They also blocked the road in a half-mile radius to reduce traffic coming to the area. The fire department came to assist, and Chief Francisco Corona pulled cars up to the door for patrons and employees, helping them to get to their cars in safety.
The whole ordeal started when a nearby homeowner removed an old log from his property – and the hive was inside the log. When the log was removed, the bees became angry.
“They were extremely aggressive,” said Romer.
One City employee was stung more than eight times when he tried to assist a woman and her small children to get back in the car and away from the bees.
Z’s Bees came out to the scene to assist with the situation.
“We put out some honeycomb to try and lure the bees into the comb,” said Michael Zambrano of Z’s Bees. “It was not very successful.”
Bees are attracted to the pheromones of the queen bee, but when she’s missing – in this case probably moved with the log – the bees left behind become aggressive until they can make a new hive with a new queen or join another hive.
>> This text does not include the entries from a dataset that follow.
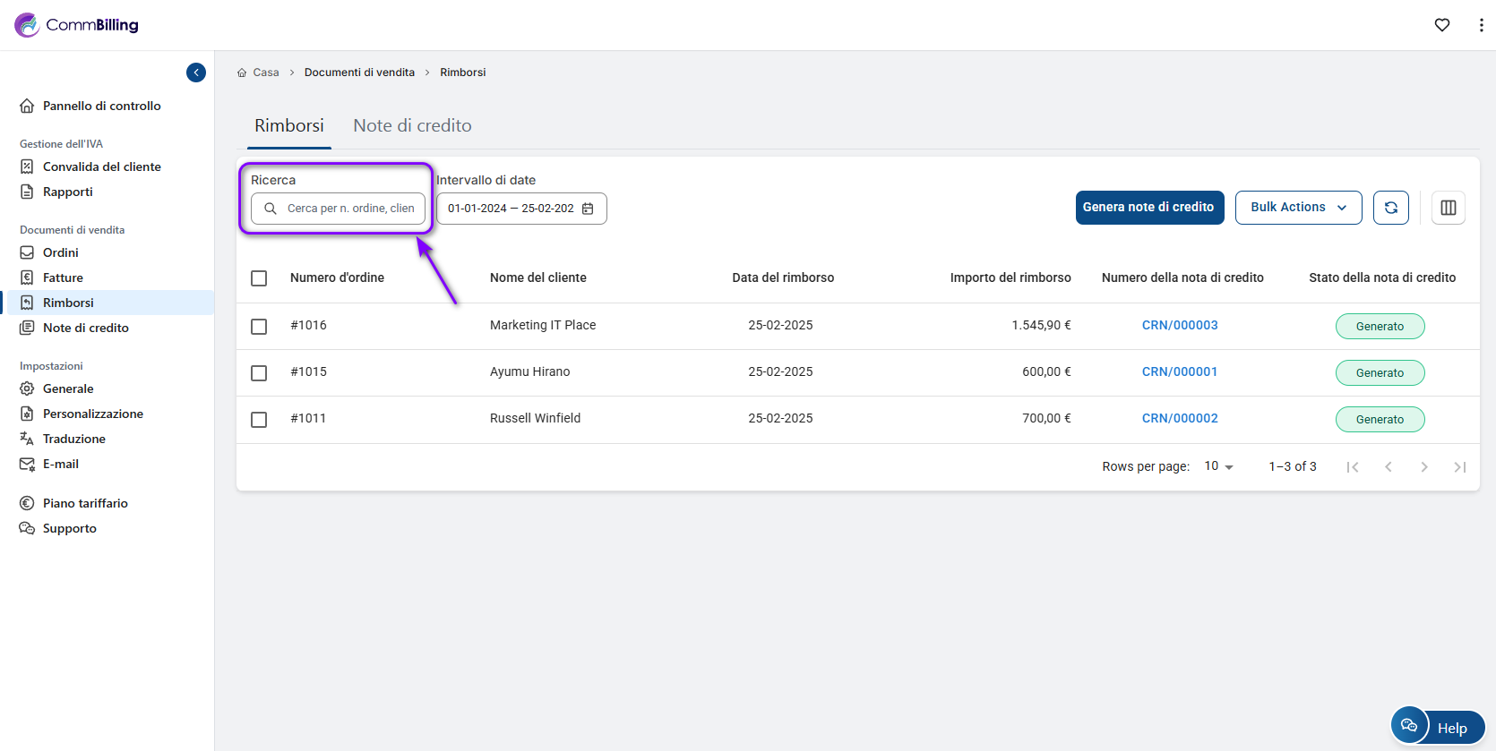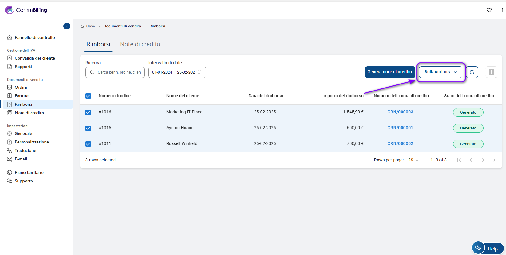La gestione e il monitoraggio dei rimborsi in CommBilling sono semplici, grazie a una scheda dedicata ai rimborsi che fornisce una panoramica completa di tutte le transazioni di rimborso. Questa scheda include funzioni utili come la ricerca, i filtri e le azioni in blocco per semplificare la gestione dei rimborsi.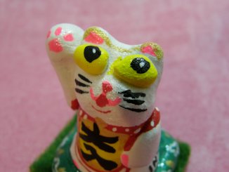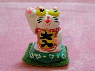 「稲田敦」さんのネコさん 2010年1月に東京・品川で開催された「新春開運招福福ねこ屋」から連れ帰った招き猫さん。 めちゃめちゃお目出度い(=^m^=)大入りの招き猫さん。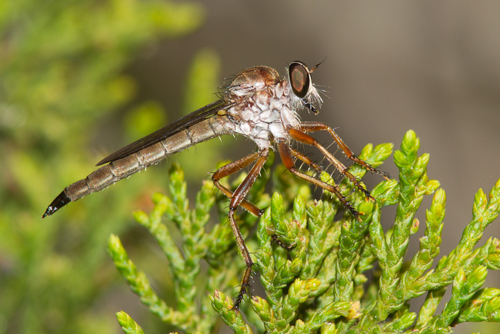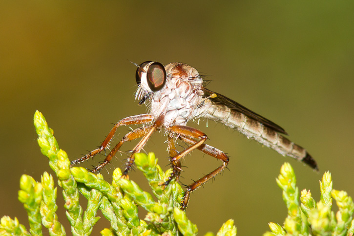| The robber fly in the top 3 images shown here is probably of the genus Polacantha. These 3 images were taken in Austin, Travis Co., Texas, in June, 2010. | ![]() |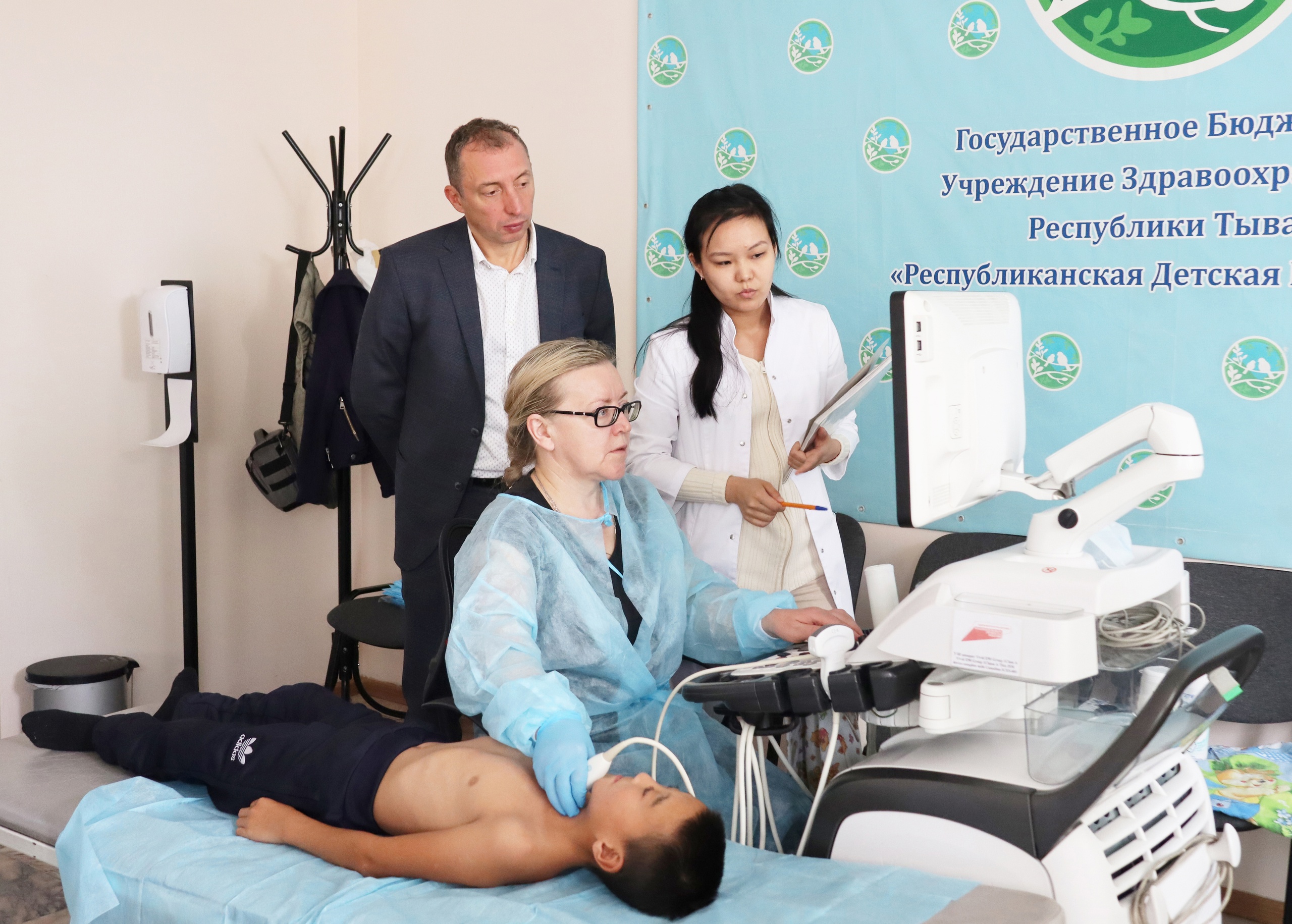 Московские специалисты провели также УЗИ-диагностику маленьких пациентов для выявления врождённых пороков сердца и отбора на хирургическое лечение на базе НМИЦ. За два дня работы специалисты обследовали 35 малышей.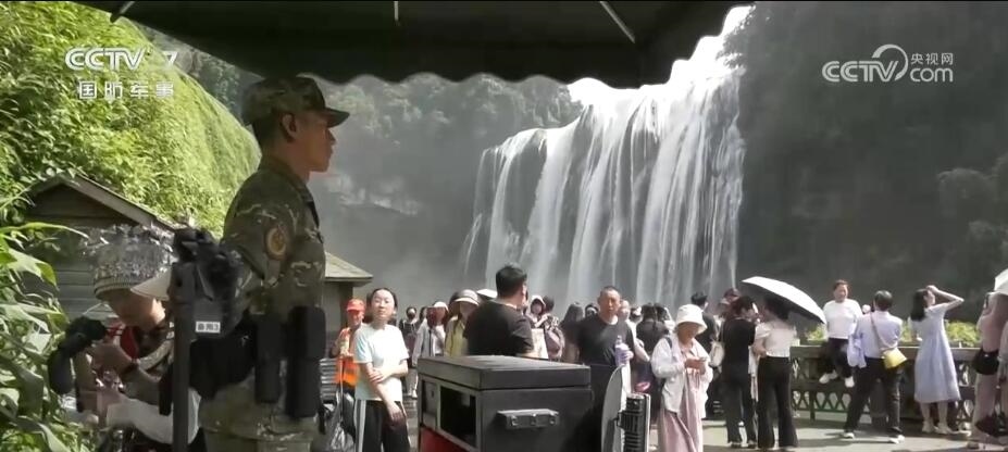 在貴州安順黃果樹景區(qū),武警官兵與景區(qū)做好聯(lián)控聯(lián)防、共享預(yù)警信息,確保遇有情況能快速妥善處置。

The bees weren’t sent off for testing to see if they were in fact Africanized, but Z’s Bees acknowledged that about 80 percent of the bees that they encounter are.
“The bees from South America have slowly, but surely, taken over almost all of Texas, moved into New Mexico, Oklahoma, Louisiana and the surrounding areas,” Zambrano said.
The rain helped to calm down the bees on Saturday, and the situation dissipated. Zambrano’s advice for any who find themselves surrounded by bees is to evacuate the area and call it in.
“Stay clear, especially if you’ve never been stung,” he said. “If you’ve never been stung, and you have a reaction, you have 10 minutes to get a shot. Fire and ambulance have to fight traffic, and 10 minutes isn’t very long. It’s kind of a scary situation.”